However, in Europe today the specter of a new purification appears, namely that against migrants whose condition is seriously threatened, as well as against migrants who are mercilessly rejected. And so we raised our voice against the idea of a "fortress Europe": especially since Europe was born from migrations, from prehistory to historical times; especially since its own "miserable outcasts" emigrated to the Americas; and even more so since the ravages of the development imposed on Africa are pushing proletarianized Africans to move to Europe. And we have also stigmatized the last obstacle to the European Union, which comes from the European States themselves, who have agreed to abandon their economic sovereignties, but resist the renouncement of their political absolute sovereignties, whereas the vital and fundamental problems that they have to face require, by their very nature, the relinquishment of that absolutism.

It is in this context that Mauro Ceruti’s complex thought comes to the rescue. He shows, in fact, that the essential problem, that of understanding our time, is a matryoshka-problem, one that contains within itself other problems, each of which in turn contains other problems…
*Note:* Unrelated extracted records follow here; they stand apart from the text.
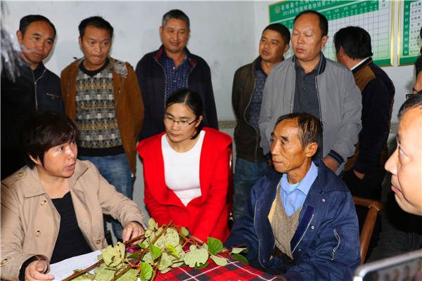 被十八洞村民称为最接地气的科学家——中科院武汉植物园猕猴桃专家钟彩虹,现场指导村民猕猴桃种植技术。王振红摄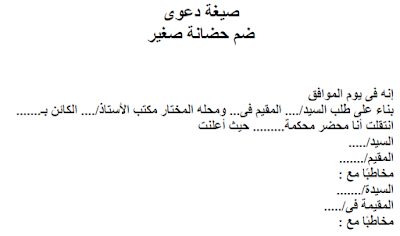صيغة ونموذج دعوى بنفقة الرضاع والحضانة والمسكن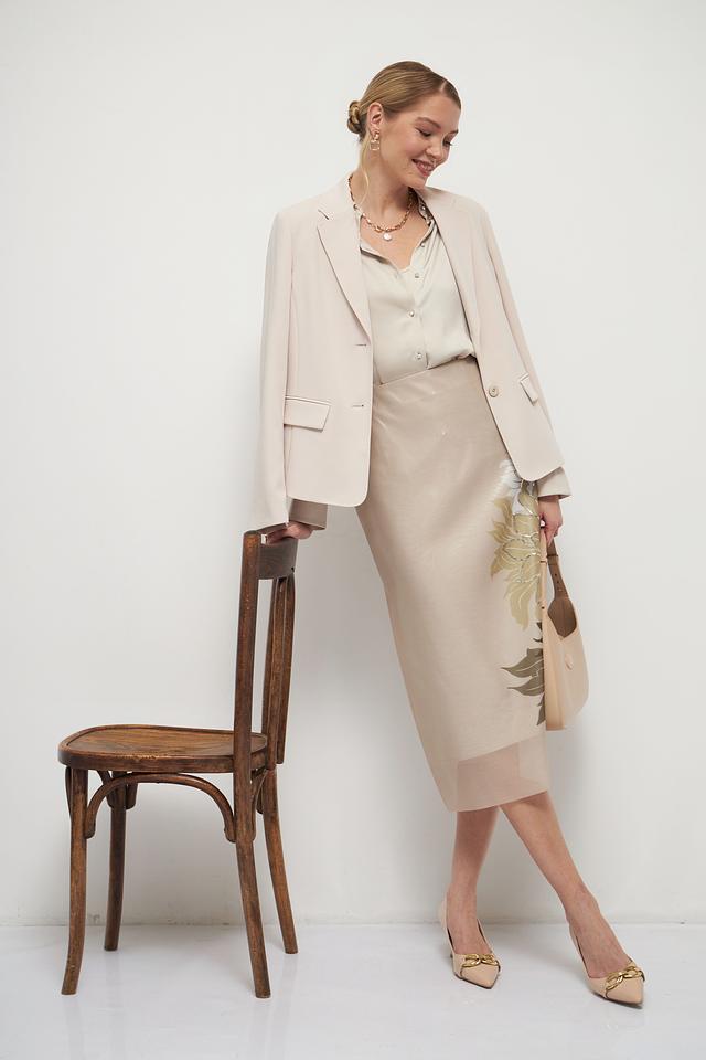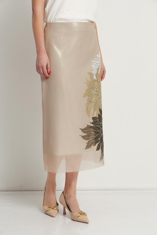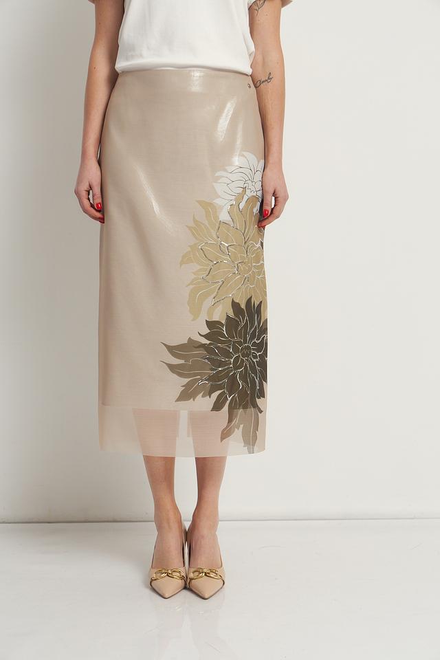 Юбка Marc Cain бежевого цвета с цветочным принтом. Изготовлена из 100% полиэстера, отличается элегантным дизайном и длиной миди. Состав: полиэстер 100%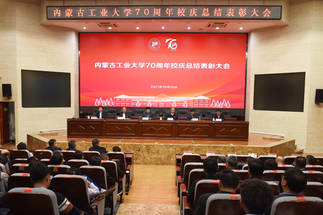 内蒙古工业大学70周年校庆总结表彰大会隆重召开10月15日下午,内蒙古工业大学70周年校庆总结表彰大会在新城校区明德楼第一报告厅隆重召开。全体在校校领导、副处级以上领导干部、受表彰的先进集体和个人、师生代表等3...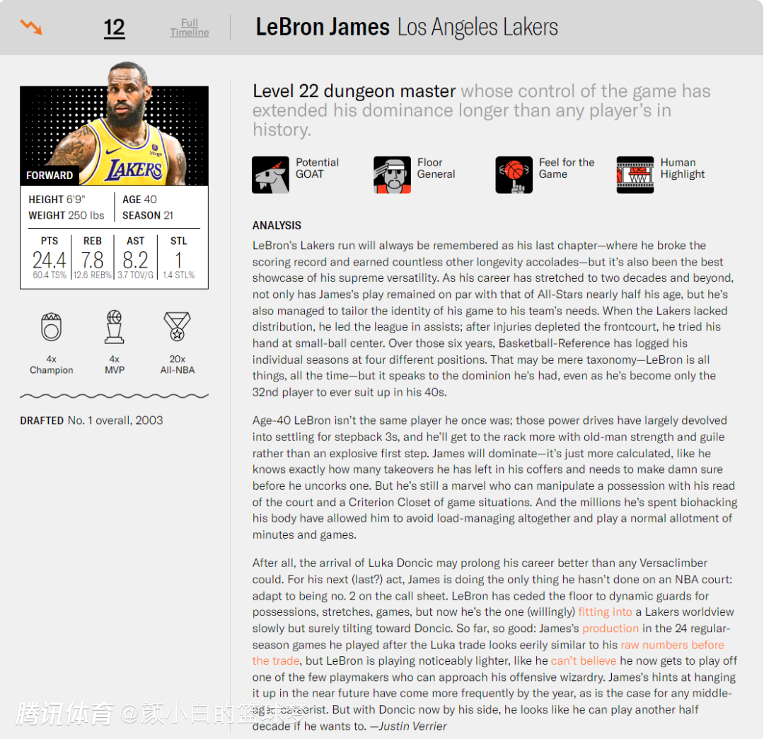 第12就是40岁高龄的勒布朗,本赛季场均24.4分7.8篮板8.2助攻1抢断0.6盖帽,命中率51.3%,三分命中率37.6%,大家也应该注意到上方那个箭头,他的排名比交易截止日那次排名下滑了。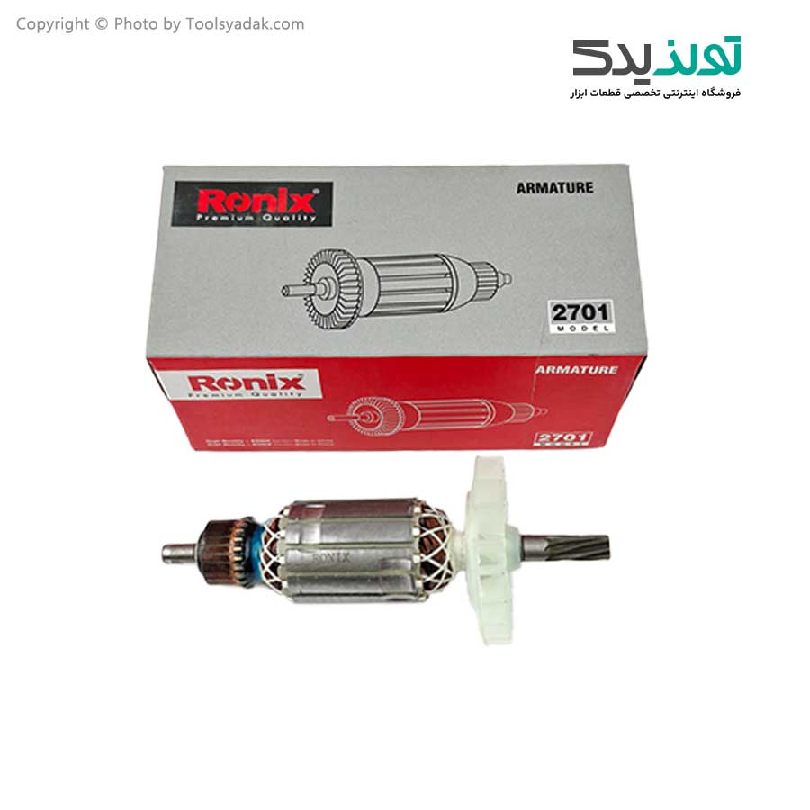 در ماشینهای جریان مستقیم قسمتی که انرژی پتانسیل الکتریکی را به انرژی جنبشی و حرکتی تبدیل می کند اصطلاحا آرمیچر گفته میشود که این انرژی جنبشی و حرکتی خود بوسیله و یا عبور یک جریان از سیم پیج موتور در یک میدان مغناطیسی حرکت چرخشی ایجاد مینماید. آرمیچر دریل بتن کن رونیکس مدل 2701 دارای ولتاژ 220 ولت، سیم پیچ تمام مسی و مناسب مدلهای مشابه نیز می باشد.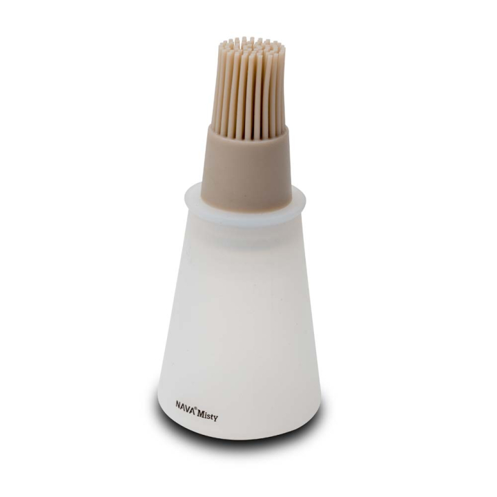Необходима както при готвене, така и при печене на сладкиши, иновативната силиконова четка Misty от NAVA с подвижен контейнер за зехтин и олио ще ви стане любима! Тя е перфектна за намазване с масло, зехтин или олио на тигана, грила, тавата или самата храна. Без използване на допълнителни съдове, без замърсяване и стичане - чиста и прилежна работа.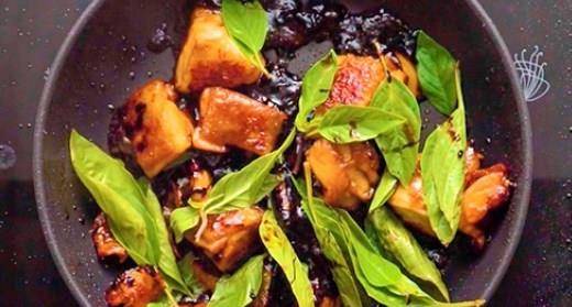 三杯鸡,这道台湾名菜,烹调方法比想象中简单。三杯是指麻油、酱油米酒,每样材料的分量各一杯,便是酱汁的灵魂,不过想健康一点,便减了些麻油的分量。台湾惯用一整只鸡制作,这次用煎香了的鸡扒,吃时不用吐骨,啖啖肉,带饭更方便。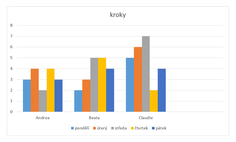 Místní zverimex vypsal soutěž pro týmy. Když tým ujde za den dohromady minimálně 10 000 kroků věnuje do útulku „Chlupáči v nouzi“ 10 kg granulí. Děvčata z 5. ročníku Andrea, Beata a Claudie se zapojili a první týden ušli tyto kroky. V grafu jsou uvedeny kroky zaokrouhleny na tisíce.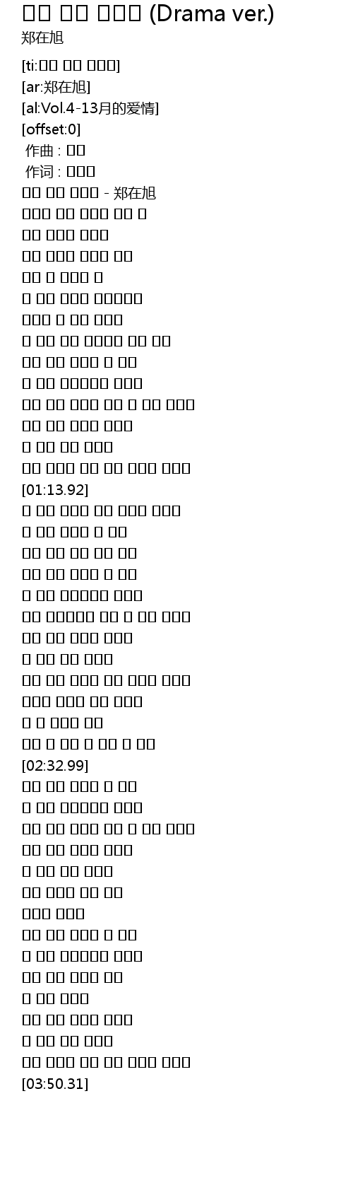 | [00:01.35] | 이젠 나를 붙잡아 - 郑在旭 |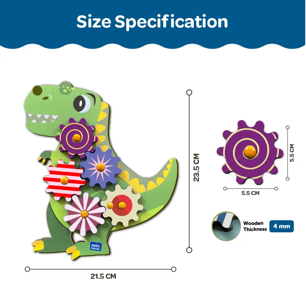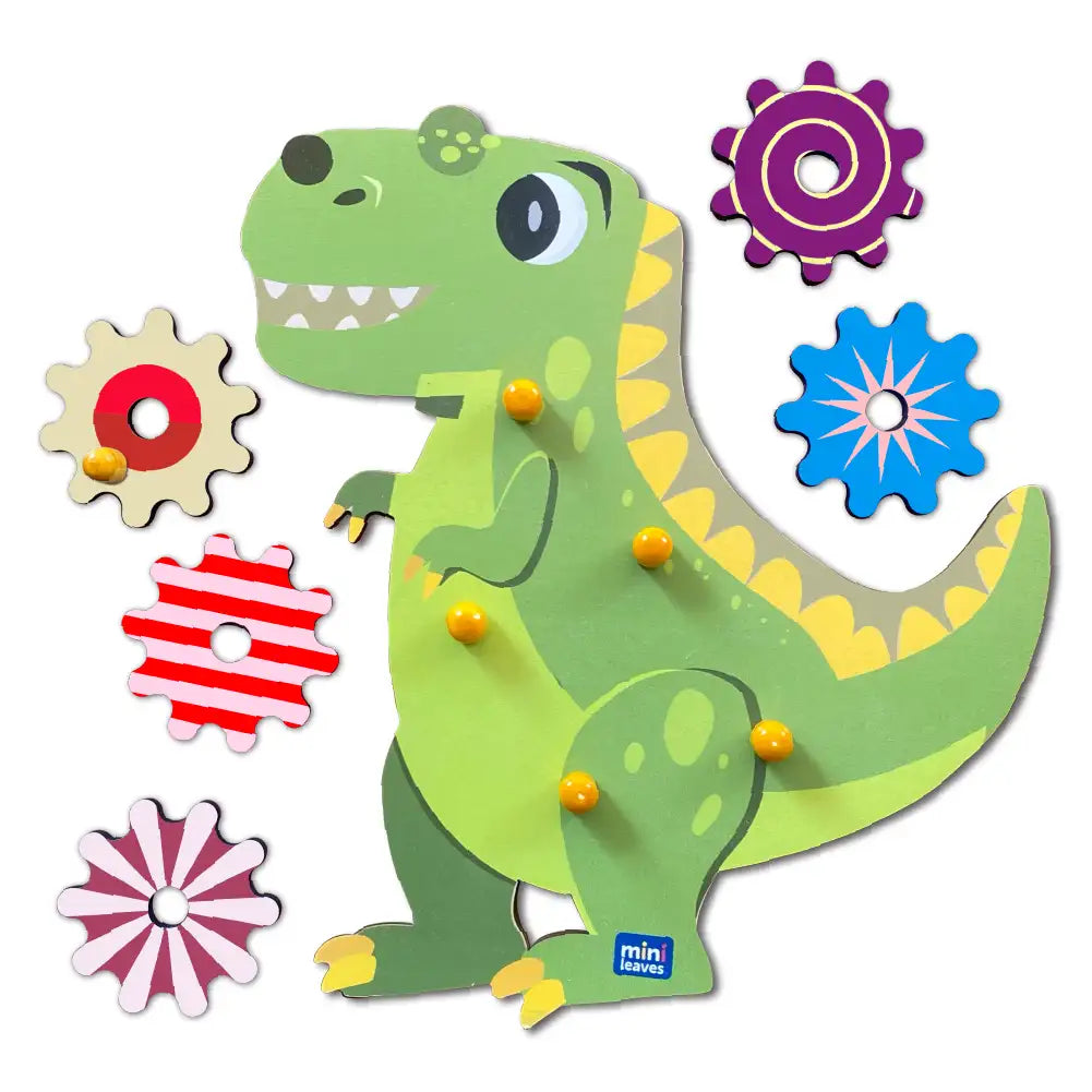Discover the wonders of mechanics with our Mini Leaves The Roaring Dino Wooden Gear Toys! Designed for children ages 2 and up, this interactive toy includes 5 interchangeable gears that promote fine motor skills and education through play. Build and spin to engage in creative and educational fun.

Understanding our time means in fact understanding the globalization that drives the human adventure, which all over the planet has become interdependent, made up of actions and reactions, in particular political, economic, demographic, mythological, religious; it means trying to question the future of humanity, which is driven by the joint engines of science/technology/economics towards an "augmented man", though not at all improved, and towards a society governed by algorithms, tending to be guided by artificial intelligence and, at the same time, to make us banal machines. Simultaneously, these same science/technology/economic drivers lead to catastrophes which are in turn interdependent: degradation of the biosphere and climate warming, which lead to massive migrations; multiplication of deadly threats with the increase in nuclear weapons, chemical weapons and the appearance of cyber weapons, capable of disintegrating societies. All this causes anguish, withdrawal into oneself, delirious fanaticism. Thus there looms large, on the one hand, the inhumanity of the "best of worlds" and, on the other, the barbarity of a Mad Max situation, resulting from a planetary mega-catastrophe. The problem of the human adventure poses us the question: what is human? But the nature of our own identity, as Mauro has continually observed, is not taught at all in our schools, and therefore is not recognized by our minds. All the elements that could be useful to recognize it are dispersed in countless sciences (including physical sciences, since we are also physical machines made of molecules, which are in turn made of atoms) and also in literature, which reveals human complexities in its masterpieces.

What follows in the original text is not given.